» **Raw data**:
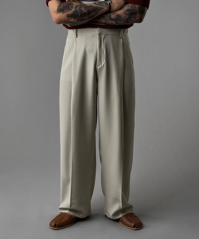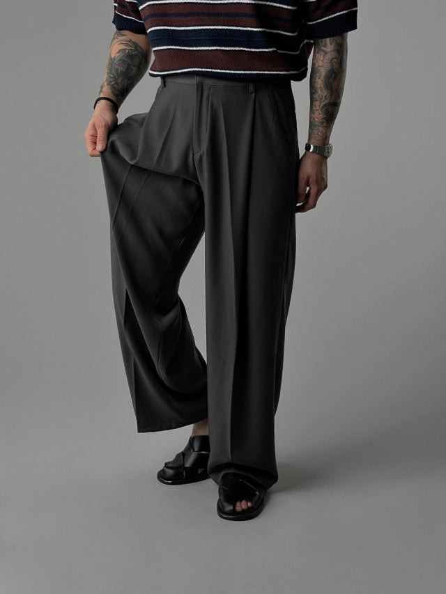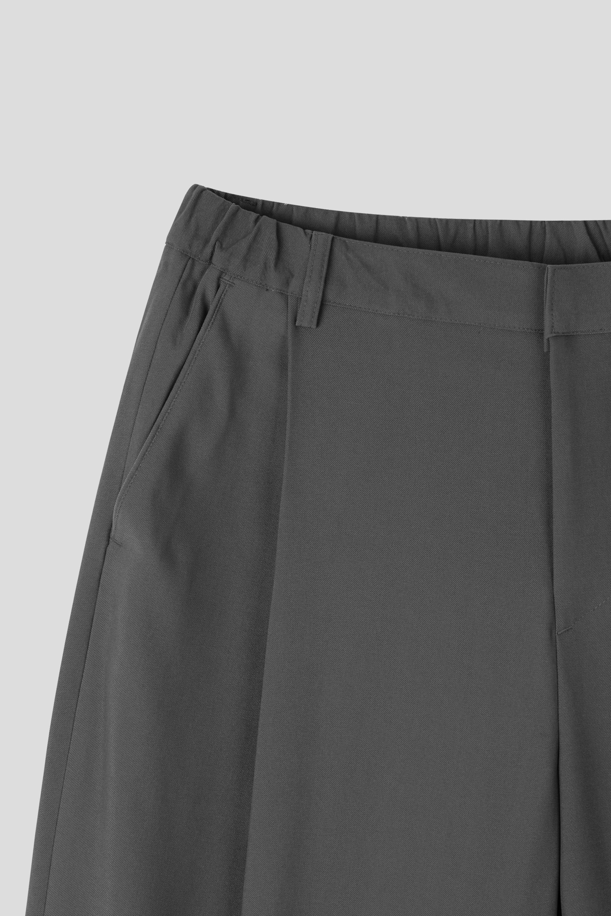 The wide silhouette and drape created by the fabric with a loose feel create a sophisticated impression.
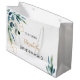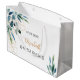 En chic vit bakgrund. Dekorerad med akvarellmålad eukalyptusgrönska och gyllna blad. Anpassa och lägg till ett datum och namnet på brudtjänsteflickan.
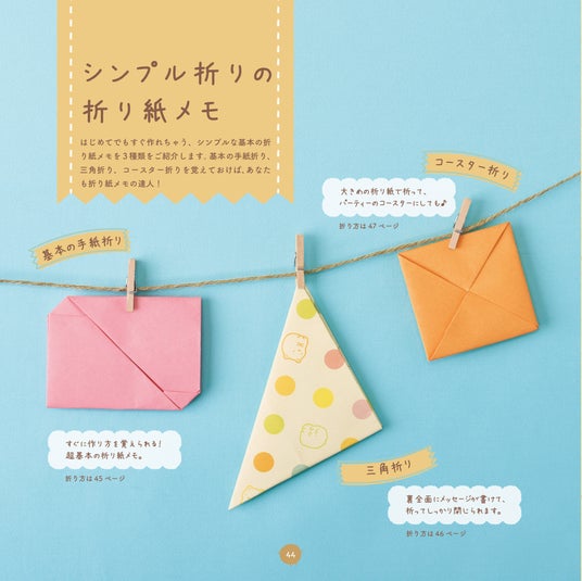 本書の巻末にあるオリジナルのペーパー。折り線のとおりに折るだけで、とってもかわいい折り紙メモが作れちゃう!

» **Directions for this task**:
Would you reproduce the listing above in full and exactly, without its pictures?

» **Written reply**:
 The wide silhouette and drape created by the fabric with a loose feel create a sophisticated impression.
 En chic vit bakgrund. Dekorerad med akvarellmålad eukalyptusgrönska och gyllna blad. Anpassa och lägg till ett datum och namnet på brudtjänsteflickan.
 本書の巻末にあるオリジナルのペーパー。折り線のとおりに折るだけで、とってもかわいい折り紙メモが作れちゃう!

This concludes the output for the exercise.